官术网_书友最值得收藏!

The Reduce task

The Reduce task is an aggregation step. If the number of Reduce tasks is not specified, the default number is one. The risk of running one Reduce task would mean overloading that particular node. Having too many Reduce tasks would mean shuffle complexity and proliferation of output files that puts pressure on the NameNode. It is important to understand the data distribution and the partitioning function to decide the optimal number of Reduce tasks.

Tip

The ideal setting for each Reduce task to process is a range of 1 GB to 5 GB.

The number of Reduce tasks can be set using the mapreduce.job.reduces parameter. It can be programmatically set by calling the setNumReduceTasks() method on the Job object. There is a cap on the number of Reduce tasks that can be executed by a single node. It is given by the mapreduce.tasktracker.reduce.maximum property.

Note

The heuristic to determine the right number of reducers is as follows:

0.95 * (nodes * mapreduce.tasktracker.reduce.maximum)

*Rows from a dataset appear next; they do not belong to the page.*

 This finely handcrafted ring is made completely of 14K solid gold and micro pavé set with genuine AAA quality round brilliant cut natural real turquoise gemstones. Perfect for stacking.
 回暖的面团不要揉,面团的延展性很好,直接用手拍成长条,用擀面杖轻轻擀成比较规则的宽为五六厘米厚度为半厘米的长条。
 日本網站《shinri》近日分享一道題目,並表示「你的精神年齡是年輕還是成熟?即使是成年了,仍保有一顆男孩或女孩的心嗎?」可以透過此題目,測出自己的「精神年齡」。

Alternatively, you can use the following:

1.75 * (nodes * mapreduce.tasktracker.reduce.maximum)

At 0.95, each of the reducers can launch immediately after the Map tasks are completed, and at 1.75, the faster nodes will finish their first Reduce task and move onto the second one. This is a better setting for load balancing.

Fetching intermediate outputs – Reduce-side

The Reduce task fetches relevant partitions from a Map task as and when they finish. This is called the Copy phase. The number of Map tasks from whom a Reduce task can fetch data in parallel is determined by the value of the mapreduce.shuffle.reduce.parallelcopies parameter. The lower this value, the more the queuing on the Reduce side. The Reduce task might have to wait for an available slot to fetch data from a Map task.

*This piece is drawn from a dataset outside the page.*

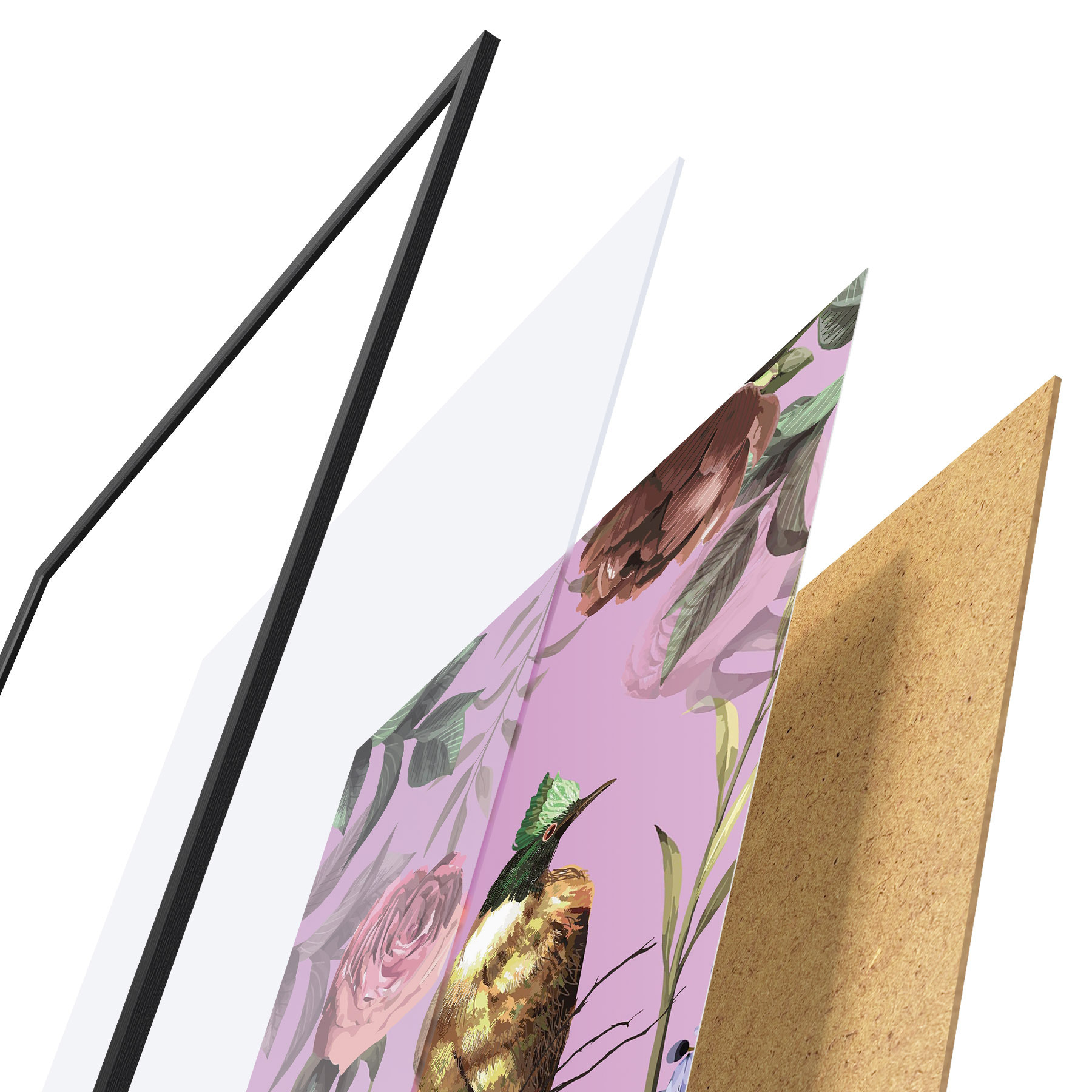 Plakatą sudaro rėmas, pleksiklas, atspausdintas vaizdas ir medžio drožlių plokštės pagrindas. Plakatą galima iš karto pakabinti ant sienos dėl kitoje pusėje esančių laikiklių.

In situations where a Reduce task cannot reach the output data of the Map task due to network connectivity issues, it retries the fetch in an exponential backoff fashion. The retries continue until the time value specified by the mapred.reduce.copy.backoff property is reached. After that, the Reduce task is marked as failed.

Merge and spill of intermediate outputs

Similar to the Map task's sort and spill, the Reduce task also needs to merge and invoke the Reduce on files on multiple Map task outputs. The next diagram illustrates this process. Depending on the size of the Map task output, they are either copied to a memory buffer or to the disk. The mapreduce.reduce.shuffle.input.buffer.percent property configures the size of this buffer as a percentage of the heap size allocated to the task.

The value of the mapreduce.reduce.shuffle.merge.percent property determines the threshold beyond which this buffer has to be spilt to disk. The default value of this setting is 0.66. The mapreduce.reduce.merge.inmem.threshold property sets the threshold for the number of map outputs that can reside in memory before a disk spill happens. The default value of this property is 1000. When either threshold is reached, the map outputs are written onto the disk.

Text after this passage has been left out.